[Data items]

····················

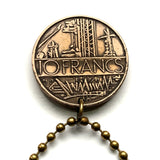 1975 France 10 Francs coin key chain keyring pendant necklace jewelry French map Paris Marseille Lyon Toulouse Angers Versailles Bordeaux Nice Strasbourg Lille Montpellier Avignon Saint-Étienne Le Havre Metz Carcassonne n000133
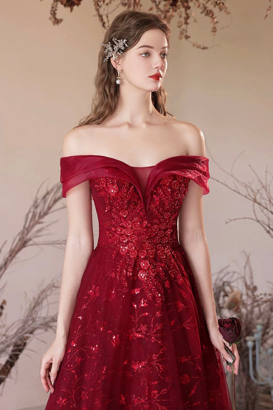 Burgundy Tulle Sequins Long A-Line Prom Dress, Off the Shoulder Evening Party Dress
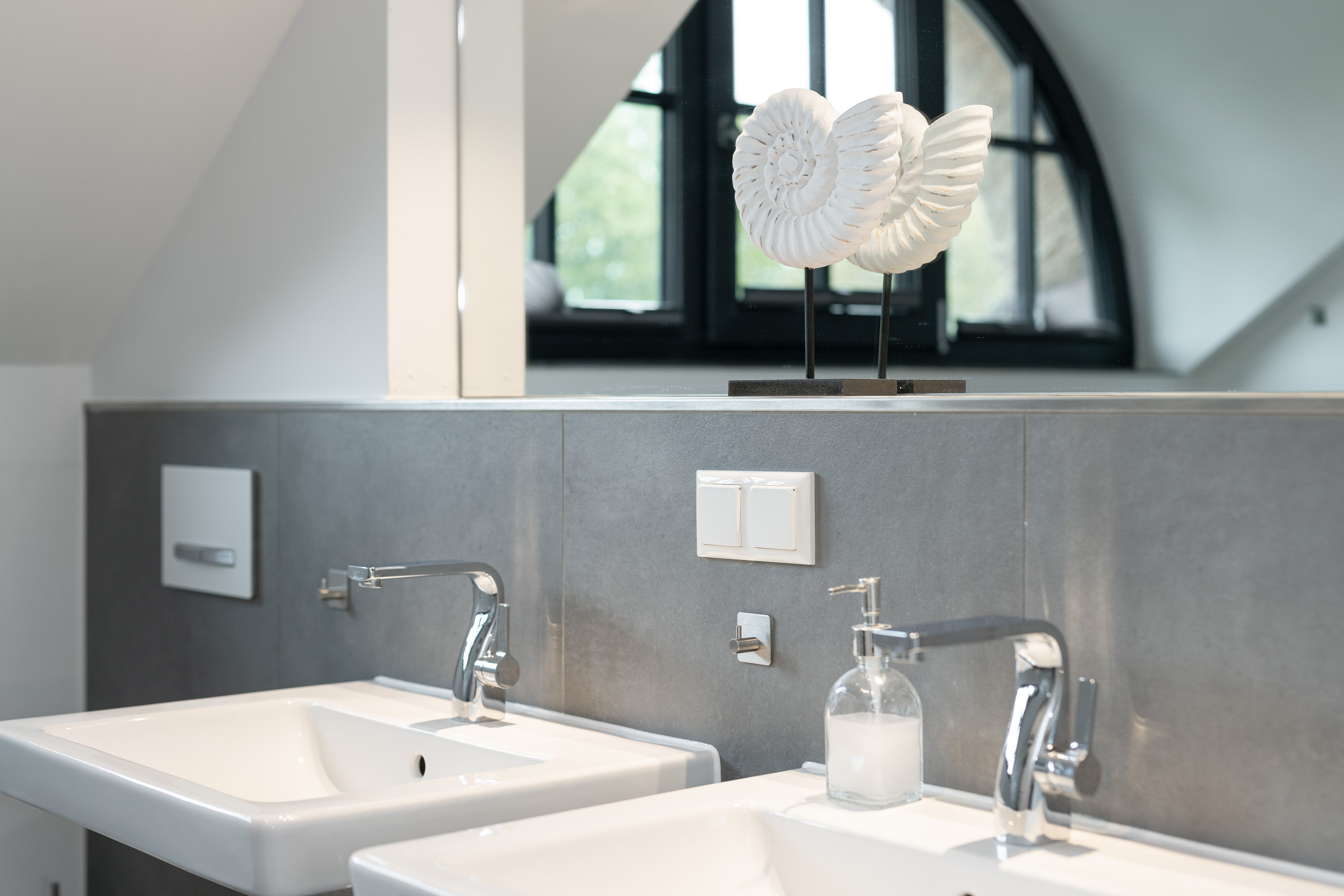 Die Bade-Lounge ist direkt vom großen Schlafzimmer aus zu begehen und bietet mit Badewanne, WC und zwei Waschbecken alle Annehmlichkeiten. Ein zusätzliches Bad mit Dusche, WC und zwei Waschbecken lässt auch bei voller Belegung des Hauses keine Engpässe entstehen.
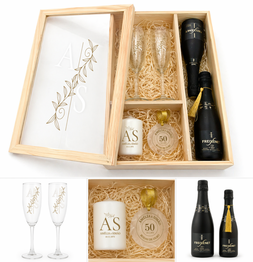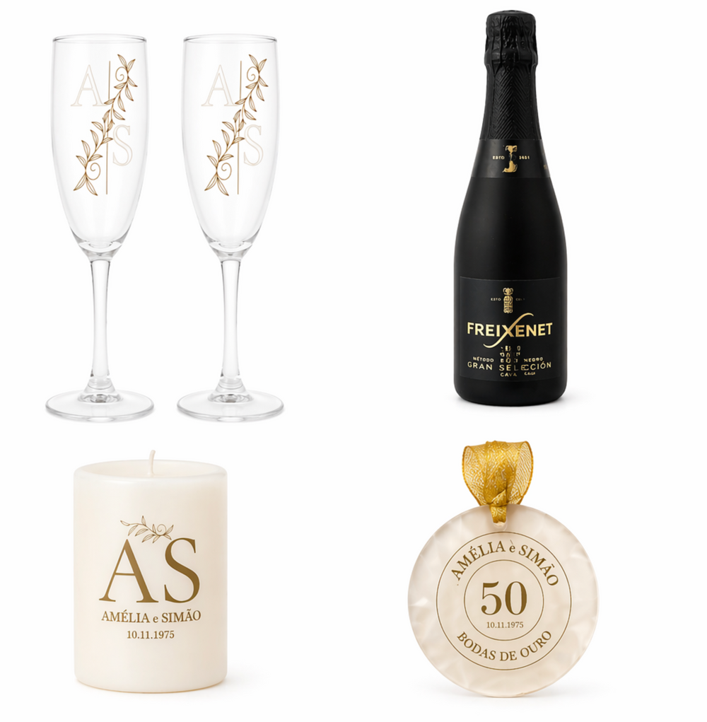 Presentes personalizados para bodas de casamento, criados à mão para comemorar cada ano de união. Desde as bodas de papel até às bodas de ouro, temos o presente perfeito para celebrar o vosso amor.
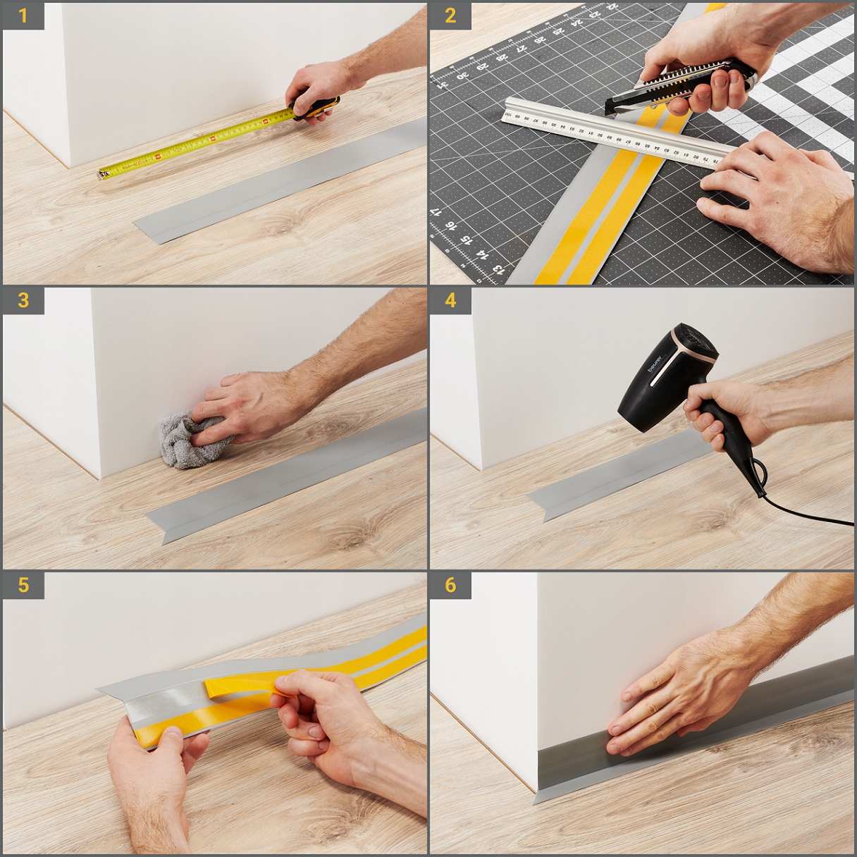 - ВНИМАНИЕ: сборку необходимо производить правильно с первого раза, отклеить и приклеить снова не обеспечивает хорошей фиксации. Перед монтажом прогрейте полосу или профиль горячим воздухом, например, с помощью фена. Предназначен для приклеивания на гладкие поверхности. Можно использовать на структурных поверхностях только при использовании дополнительного клея. !!!
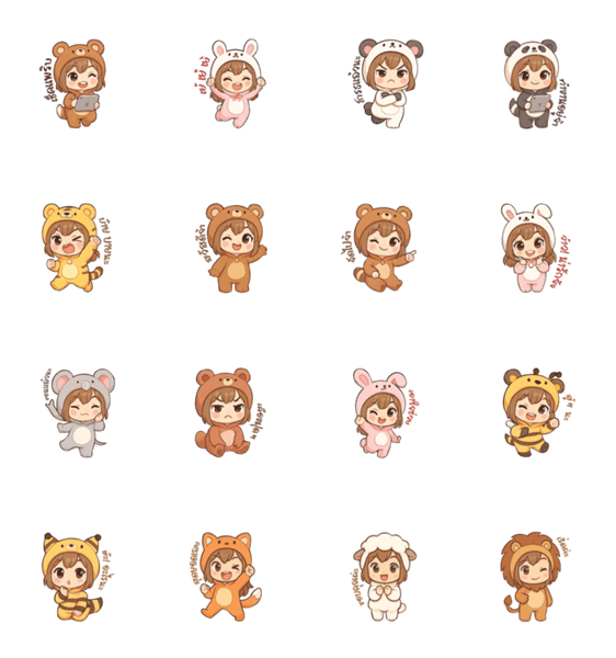 | スタンプ説明 | Stickers of a little girl wearing various cute animal costumes |

····················

## [Task objective]
All records above need to be returned exactly. Omit the pictures.

## [Response to the exercise]
 1975 France 10 Francs coin key chain keyring pendant necklace jewelry French map Paris Marseille Lyon Toulouse Angers Versailles Bordeaux Nice Strasbourg Lille Montpellier Avignon Saint-Étienne Le Havre Metz Carcassonne n000133
 Burgundy Tulle Sequins Long A-Line Prom Dress, Off the Shoulder Evening Party Dress
 Die Bade-Lounge ist direkt vom großen Schlafzimmer aus zu begehen und bietet mit Badewanne, WC und zwei Waschbecken alle Annehmlichkeiten. Ein zusätzliches Bad mit Dusche, WC und zwei Waschbecken lässt auch bei voller Belegung des Hauses keine Engpässe entstehen.
 Presentes personalizados para bodas de casamento, criados à mão para comemorar cada ano de união. Desde as bodas de papel até às bodas de ouro, temos o presente perfeito para celebrar o vosso amor.
 - ВНИМАНИЕ: сборку необходимо производить правильно с первого раза, отклеить и приклеить снова не обеспечивает хорошей фиксации. Перед монтажом прогрейте полосу или профиль горячим воздухом, например, с помощью фена. Предназначен для приклеивания на гладкие поверхности. Можно использовать на структурных поверхностях только при использовании дополнительного клея. !!!
 | スタンプ説明 | Stickers of a little girl wearing various cute animal costumes |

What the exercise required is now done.